## WORK INSTRUCTIONS
Everything in the data gets repeated exactly, except for the pictures.

## THE DATA
***
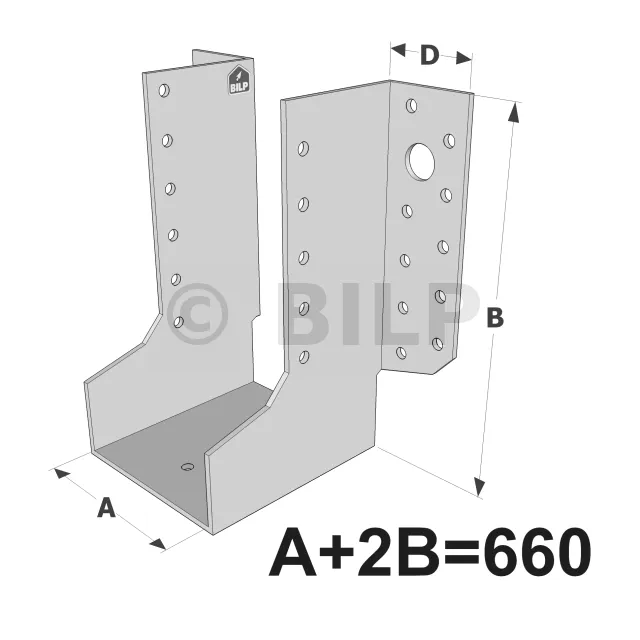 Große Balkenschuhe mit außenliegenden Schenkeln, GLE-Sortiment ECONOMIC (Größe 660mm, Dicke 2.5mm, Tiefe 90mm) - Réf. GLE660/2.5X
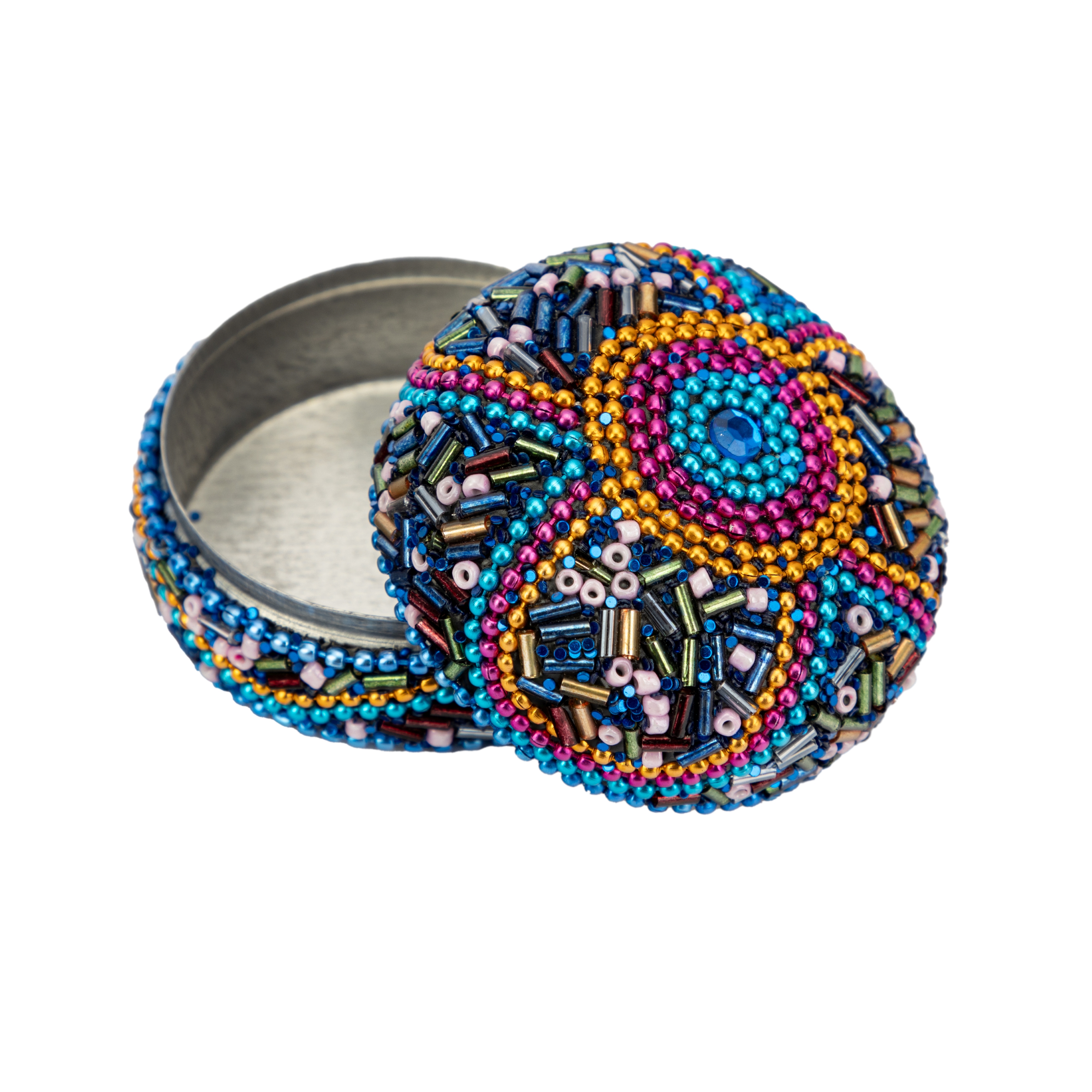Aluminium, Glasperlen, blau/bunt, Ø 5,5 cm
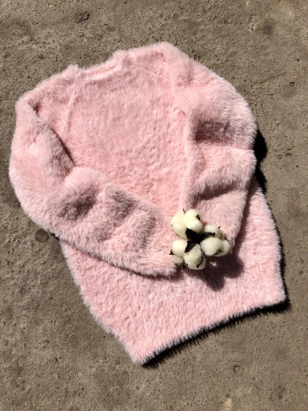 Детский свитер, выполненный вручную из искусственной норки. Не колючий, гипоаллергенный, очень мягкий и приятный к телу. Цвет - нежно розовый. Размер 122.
***
## ANSWER TO THE PROBLEM
 Große Balkenschuhe mit außenliegenden Schenkeln, GLE-Sortiment ECONOMIC (Größe 660mm, Dicke 2.5mm, Tiefe 90mm) - Réf. GLE660/2.5X
Aluminium, Glasperlen, blau/bunt, Ø 5,5 cm
 Детский свитер, выполненный вручную из искусственной норки. Не колючий, гипоаллергенный, очень мягкий и приятный к телу. Цвет - нежно розовый. Размер 122.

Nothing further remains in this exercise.